Looking at data from 45 U.S. cities, Lipsitch and colleagues Christina Mills and James Robins calculated that on average each person who caught that flu infected between two and four other people.

(By comparison, measles and chickenpox are highly infectious. In unvaccinated populations, a case of the former would be expected to spark 15 to 17 new cases, and the latter 11.)

That would suggest pandemic flu is about as infectious as SARS, which was contained through measures such as quarantine, isolation and voluntary limits on travel.

But flu is a different beast. For one thing, a person can transmit disease before they even know they´re sick. For another, the incubation period is significantly shorter than that of SARS, giving public health officials much less time to track down and isolate people who might be infected.

"The difficulty is all of us want to believe we can control it," said Dr.

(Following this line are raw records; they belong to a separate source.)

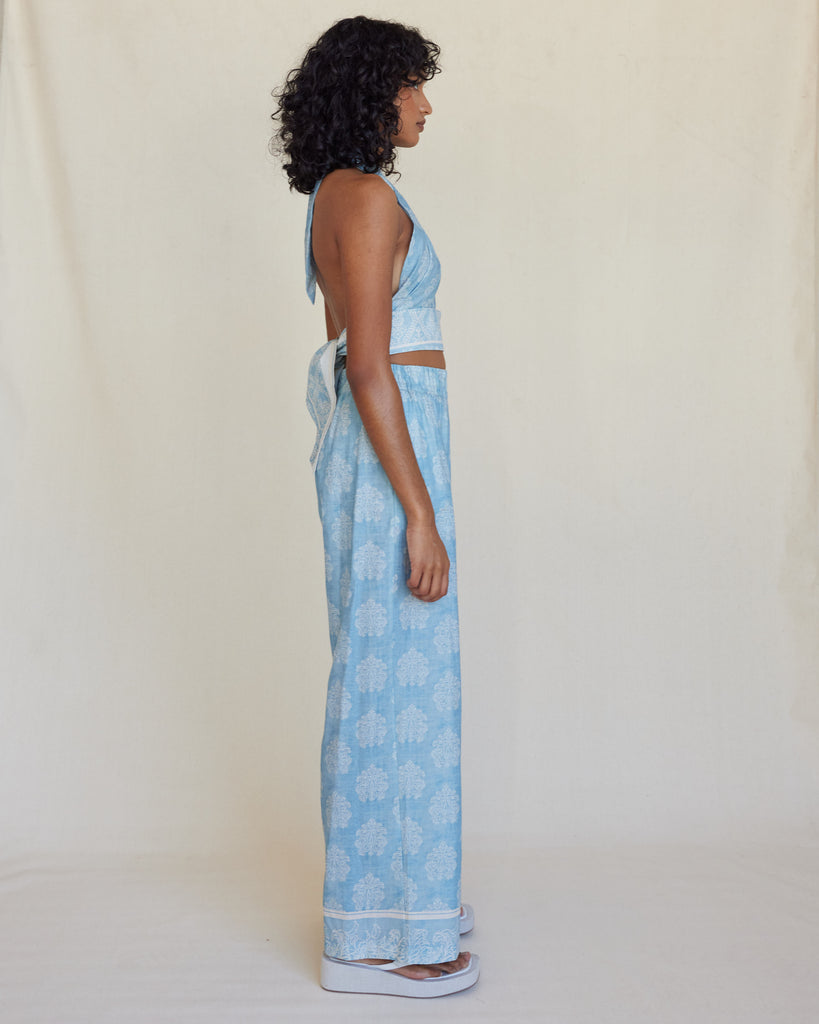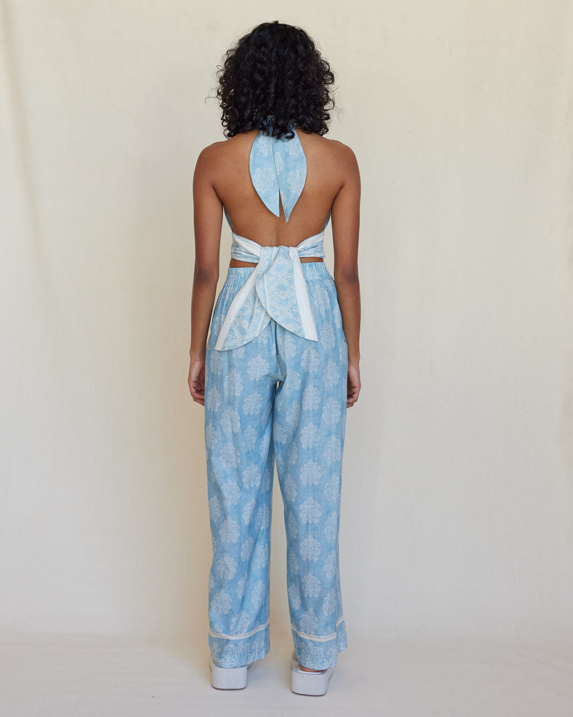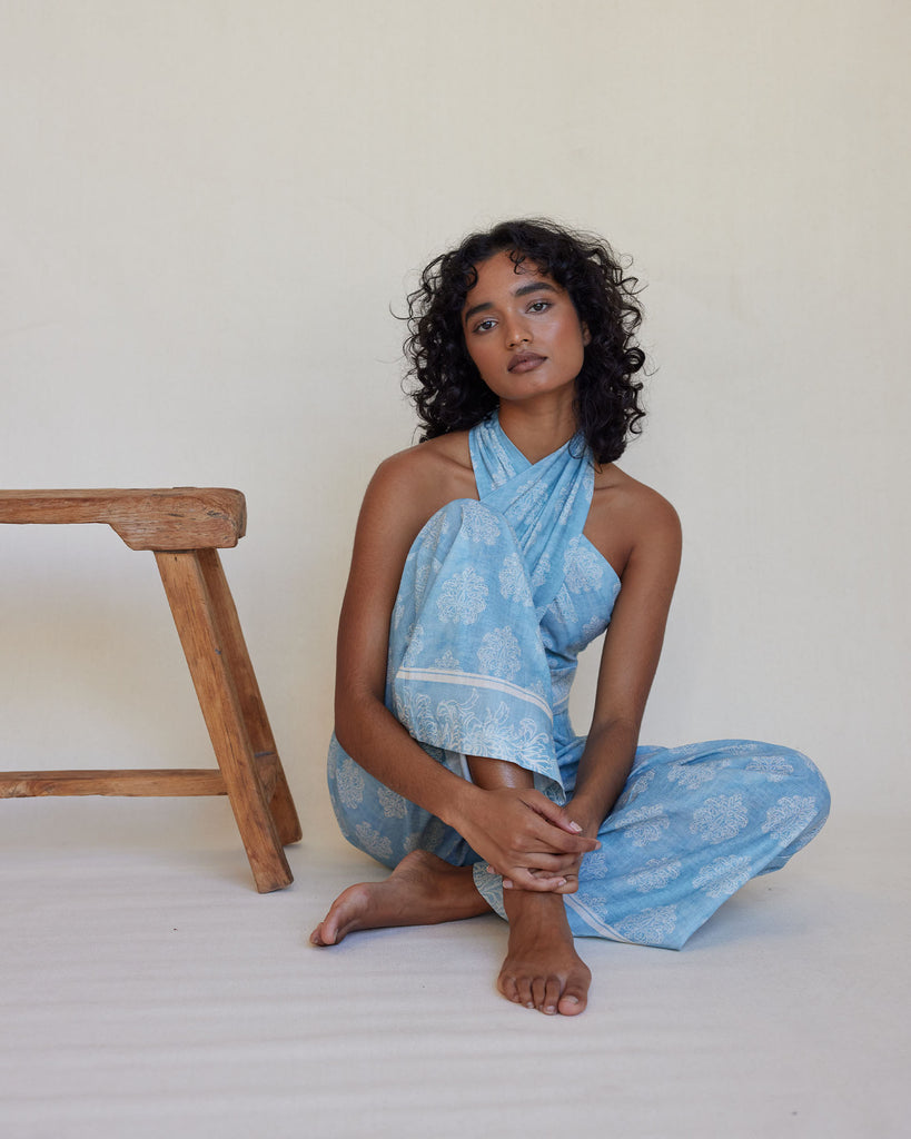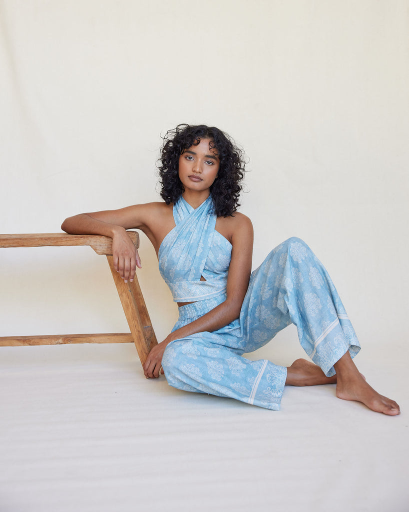 Featuring a classic woodblock print against a vintage wash sky blue, the Anjali Halter Top is a resort must-have, perfect for elevating your beachside outfit with nuanced detailing. Tied both at the neck and the high waist, the cross-over design allows for maximum tailoring to your shape.
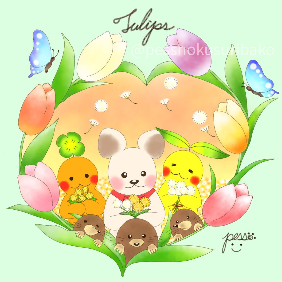 🌷3月のカレンダーイラスト🌷 朝から夕方へ🕊 𓈒 𓂂𓏸 ほわっほわっほわっ❁❀ 春の足跡が聴こえてきたね🐕🐾🐾 チューリップは、お好きですか?🌷🦋 #春のお花の作品展 #絵描きさんと繋がりたい #私の絵柄が好みって人にフォローされたい
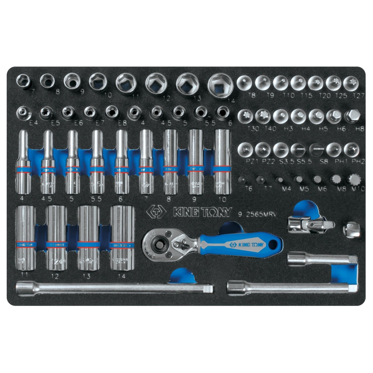 Набор торцевых головок 1/4" с принадлежностями, ложемент, 65 предметов KING TONY 9-2565MRV

Allison McGeer, an infectious diseases expert at Toronto´s Mount Sinai Hospital.

"But there´s nothing new we know about pandemics than people knew about pandemics in ´68 or ´57" - the last two pandemics - "and the precautions didn´t work then."

McGeer suggested early interventions would probably at best buy time, limiting spread at the onset as the parts of the world that have vaccine production wait for a vaccine to become available.

Bolder steps - such as grounding global air travel - might achieve greater time gains but would be politically harrowing decisions to make.

"We will do too little too late, because we won´t have the courage to do what might possibly work at the beginning," McGeer said.

"And just like we don´t have the courage to buy oseltamivir (a costly anti-viral), we won´t have the courage to shut down travel when it might delay the onset, because it will be too early."

Governments aren´t just lacking courage, they´re lacking the data they would need to make those tough decisions, Pourbohloul said.

He said mathematical models can help governments assess whether measures will slow or contain the spread of pandemic flu, but too little work is being done in this area.

"Every country has to develop this capacity for itself. So that they can come up with the best and most rapid solution at a time of crisis," Pourbohloul said.

"And I think in Canada, this has to be addressed."